• 1 can chick peas (796 ml/28 fl. oz.)
• 1/2 cup vino cotto (cooked wine) *
• 3 tablespoons sugar
• 1/2 teaspoon cinnamon
• 2 tablespoons cocoa
• 3 eggs
• 250 grams flour
• 2 tablespoons sugar
• 3 tablespoons vegetable oil
(From one gallon of “must” — also known as freshly squeezed grape juice — you can make approximately one bottle, 750 ml, of Vino Cotto)
Boil il mosto (must) for approximately 3-4 hours. Remove excess foam from top of liquid that forms from boiling. When liquid is reduced by about 3/4 or slightly thickened it is ready for use.
1. Whisk eggs, sugar and oil together. Add in flour while whisking.
2. Dough will thicken. Knead the dough into a ball, cover and let sit for 15-20 minutes.

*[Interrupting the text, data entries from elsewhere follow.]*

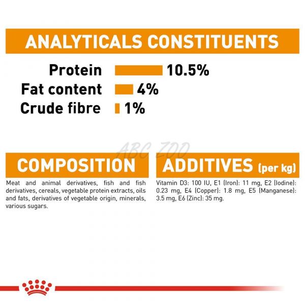Skład pasztetu dla kotów w galaretce również pomaga utrzymać idealną wagę. Zawiera tylko 3,7% tłuszczu, co zapobiega przybieraniu na wadze, oraz optymalną ilość białka, dzięki któremu mięśnie prawidłowo się rozwijają i rosną. Również utrzymuje zdrowe drogi moczowe i prawidłowe funkcjonowanie pęcherza moczowego. Wśród innych składników odżywczych w składzie tej karmy znajdują się ryby i mięso, które zapewniają dobrą smakowitość, a także wiele roślinnych pochodnych dostarczających witamin i minerałów, które odżywiają skórę i sierść.
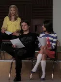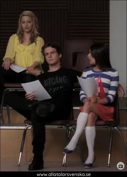 I klassrummet drar en av lärarna igång gamla Vanilla Ice-hitten "Ice ice baby". Den i sig har ju inte så mycket svenskt i sig, men en av killarna, Jesse St. James (Jonathan Groff) har en riktigt snygg svart t-shirt på sig med texten "Utgång Exit".
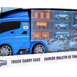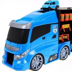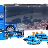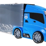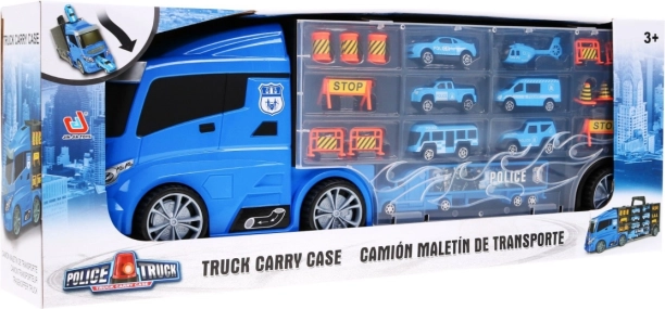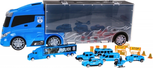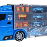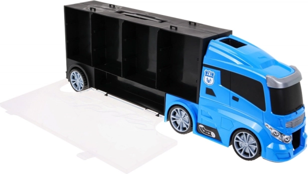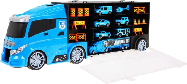 Entdecken Sie den multifunktionalen Polizei-LKW, der sowohl als praktischer Organizer für Spielautos als auch als tolles Spielset dient. An den Seiten befinden sich zwei aufklappbare Stauräume – auf der einen Seite 13 kleinere Fächer, auf der anderen 5 größere. Über der Kabine liegt der Einstieg zur Rutschbahn, die durch die Kabine führt und an der Front des Fahrzeugs endet. Die obere Fläche des LKW dient als „Flughafen“ für den Hubschrauber. Dank des bequemen Tragegriffs können Kinder das Set überallhin mitnehmen.

1. Grind chick peas; add sugar, cinnamon, and cocoa. While mixing, stir in the vino cotto.
2. Roll out the dough to about 1/8” thick. Cut into long strips of about 4”wide
3. Take about 1/2 a tablespoon of the filling and place on the strip of dough closer to one edge. Continue placing drops of filling along the strip of dough. Once all drops of filling are placed, fold over one side of the dough so as to cover the drops of filling. Press down with fingers in between each drop so that a crescent shape forms around the drop.
4. Using a pastry wheel cutter, cut along the crescent shape in between each filling drop (peel away excess dough).
5. Heat oil in a pan. Place cookies into pan and once golden brown on one side, flip onto other side. Once both sides are golden brown, remove from heat. *Note: be sure not to overcook, as pastry cooks quickly.
6. Coat cookies in sugar.
7. Arrange on a tray and eat!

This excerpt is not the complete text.